Raw data:

%%

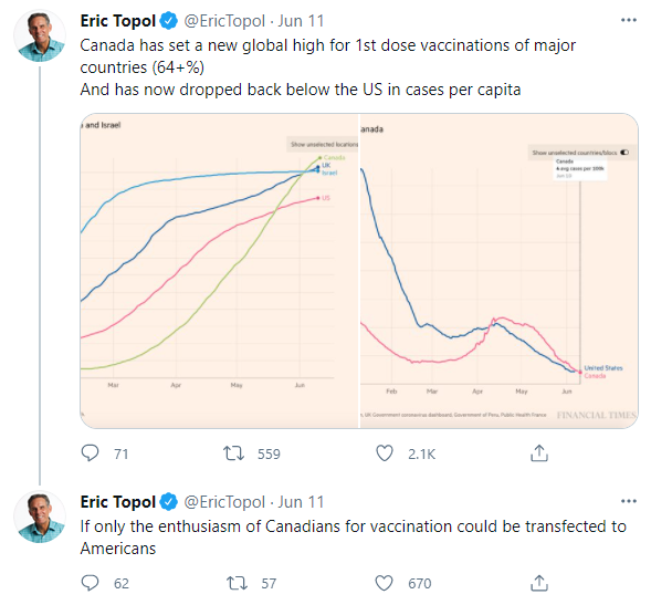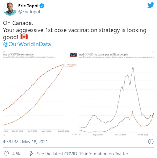 ÔçÔÚ5ÔÂÖÐÑ®£¬Eric Topol»¹ÔÚÍÆÌØÉÏ˵£º“Oh Canada£¡ÄãÃǵÄÒ»¼ÁÒßÃç½ÓÖÖ²ßÂÔ¿´ÆðÀ´³¬°ô£¡”
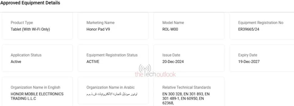 Компания Honor приблизилась к глобальному выпуску своего планшета Pad V9 после его недавнего дебюта в Китае. Устройство имеет номер модели «ROL-W00» и уже получило сертификацию TDRA в ОАЭ, что свидетельствует о его скором запуске в данном регионе. Сертификация, действительная до 19 декабря 2027 года, указывает, что устройство будет выпущено только в версии с поддержкой Wi-Fi. Honor Pad V9 может похвастаться плоским 6,1-миллиметровым сверхтонким металлическим корпусом, весом всего 475 граммов и сертификатом прочности SGS Gold Five Star. Он оснащен большим 11,5-дюймовым дисплеем с разрешением 2,8K, частотой обновления 144 Гц, пиковой яркостью 500 кд/м2 и оптимизацией IMAX Enhanced для улучшенного визуального восприятия. Аудиосистема устройства может впечатлить даже заядлых меломанов благодаря восьми динамикам с улучшенными возможностями IMAX, а также поддержкой пространственного звука и звука высокого разрешения. Эти функции делают планшет Pad V9 отлично подходящим для воспроизведения му
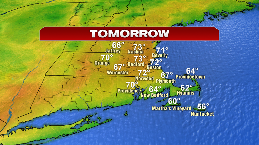 Tomorrow, the milder air is more widespread across the area with temperatures running 70+ for many. We’ll catch partly sunny skies for a while as well, but heads up mid to late afternoon, as a few showers and storms are possible in the 3-8pm time frame. Earliest northwest, latest south of Boston.
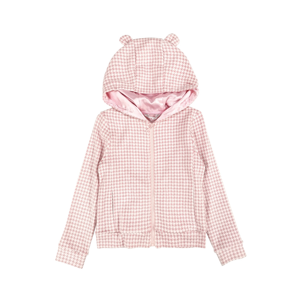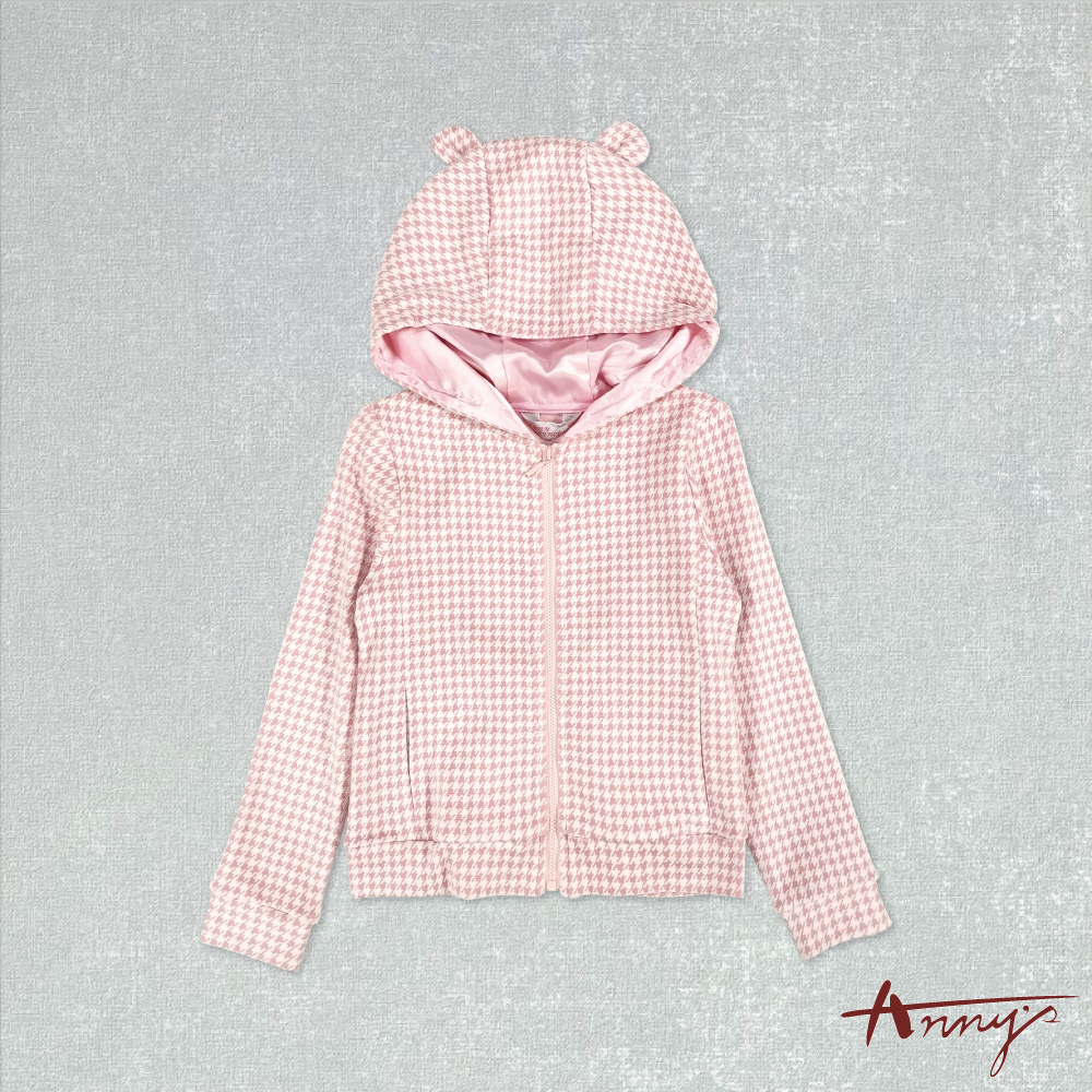 【ANNY’S 安妮公主】童裝 千鳥格紋耳朵造型秋冬款連帽外套(2296粉紅)

%%

Work request:
Copy out every line of the data exactly, leaving the images behind.

Written reply:
 ÔçÔÚ5ÔÂÖÐÑ®£¬Eric Topol»¹ÔÚÍÆÌØÉÏ˵£º“Oh Canada£¡ÄãÃǵÄÒ»¼ÁÒßÃç½ÓÖÖ²ßÂÔ¿´ÆðÀ´³¬°ô£¡”
 Компания Honor приблизилась к глобальному выпуску своего планшета Pad V9 после его недавнего дебюта в Китае. Устройство имеет номер модели «ROL-W00» и уже получило сертификацию TDRA в ОАЭ, что свидетельствует о его скором запуске в данном регионе. Сертификация, действительная до 19 декабря 2027 года, указывает, что устройство будет выпущено только в версии с поддержкой Wi-Fi. Honor Pad V9 может похвастаться плоским 6,1-миллиметровым сверхтонким металлическим корпусом, весом всего 475 граммов и сертификатом прочности SGS Gold Five Star. Он оснащен большим 11,5-дюймовым дисплеем с разрешением 2,8K, частотой обновления 144 Гц, пиковой яркостью 500 кд/м2 и оптимизацией IMAX Enhanced для улучшенного визуального восприятия. Аудиосистема устройства может впечатлить даже заядлых меломанов благодаря восьми динамикам с улучшенными возможностями IMAX, а также поддержкой пространственного звука и звука высокого разрешения. Эти функции делают планшет Pad V9 отлично подходящим для воспроизведения му
 Tomorrow, the milder air is more widespread across the area with temperatures running 70+ for many. We’ll catch partly sunny skies for a while as well, but heads up mid to late afternoon, as a few showers and storms are possible in the 3-8pm time frame. Earliest northwest, latest south of Boston.
 【ANNY’S 安妮公主】童裝 千鳥格紋耳朵造型秋冬款連帽外套(2296粉紅)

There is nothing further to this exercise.